The compound's significance extends beyond pharmaceutical applications into materials science. Quinoline derivatives are known for their ability to form coordination complexes with metal ions, which has led to their exploration as luminescent materials and catalysts. Specifically, complexes formed between 8-bromoquinoline and transition metals such as copper and zinc have shown promise in optoelectronic devices due to their emission properties. These findings highlight the compound's potential in developing advanced materials for sensors and light-emitting technologies.
Recent advancements in synthetic methodologies have further enhanced the utility of 8-Bromoquinoline. Transition-metal-catalyzed cross-coupling reactions, particularly palladium-catalyzed Suzuki-Miyaura and Heck couplings, have enabled the efficient construction of complex quinoline derivatives from 8-bromoquinoline precursors. These techniques have been instrumental in generating libraries of novel compounds for high-throughput screening, accelerating the discovery process in drug development.

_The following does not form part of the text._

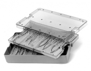 autoclavable plastic case, includes removable tray and two silicone mats. Base, lid, tray and mats are perforated for steam penetration. Outside dimensions: 103/8� x 63/8� x 17/8� (265 x 160 x 50mm) Accommodates 20 to 25 microsurgical instruments
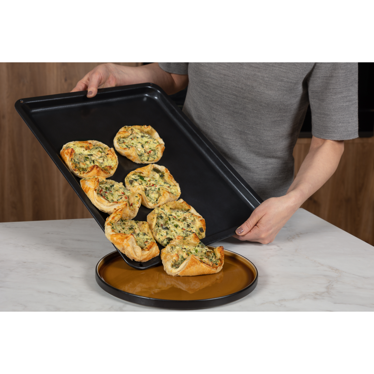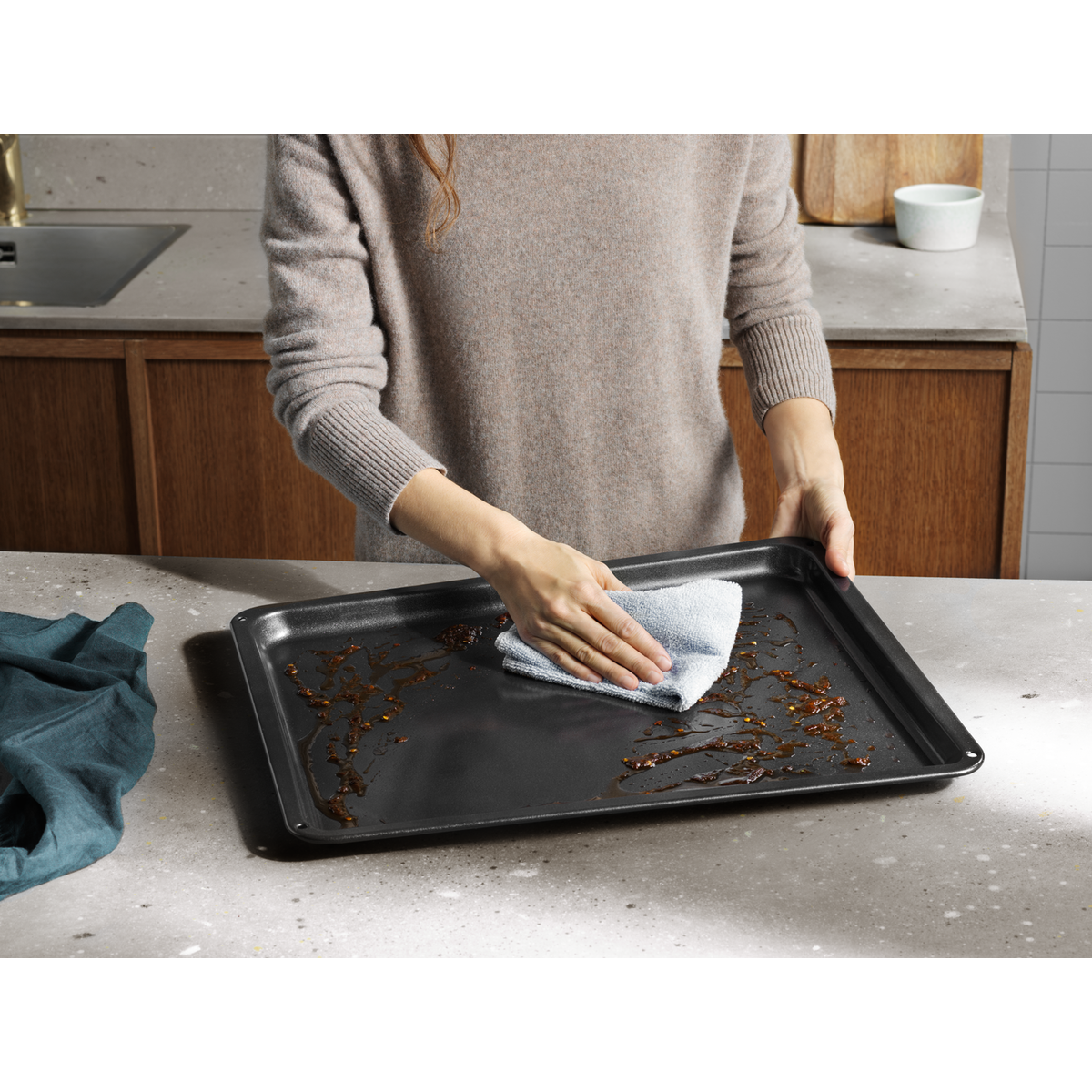Pekač Easy2Clean ima prevleko proti prijemanju, ki omogoča pripravo jedi brez papirja za peko. In ker obenem preprečuje oprijemanje maščobe in umazanije, ga lahko preprosto očistite z vodo, mokro krpo in malce detergenta za pomivanje posode.

The incorporation of computational chemistry techniques has also played a pivotal role in optimizing derivatives of 8-bromoquinoline for therapeutic applications. Molecular modeling studies have helped elucidate binding interactions between quinoline-based compounds and biological targets, providing insights into structure-activity relationships. This computational approach has guided synthetic efforts toward designing more potent and selective agents with improved pharmacokinetic profiles.
In conclusion, 8-Bromoquinoline (CAS No. 16567-18-3) represents a cornerstone molecule in modern chemical biology and medicinal chemistry. Its unique structural features enable diverse synthetic manipulations, making it an indispensable tool for developing innovative therapeutics across multiple disease areas. As research continues to uncover new applications for this versatile intermediate, its importance is poised to grow further, driving advancements in both academic research and industrial drug development pipelines.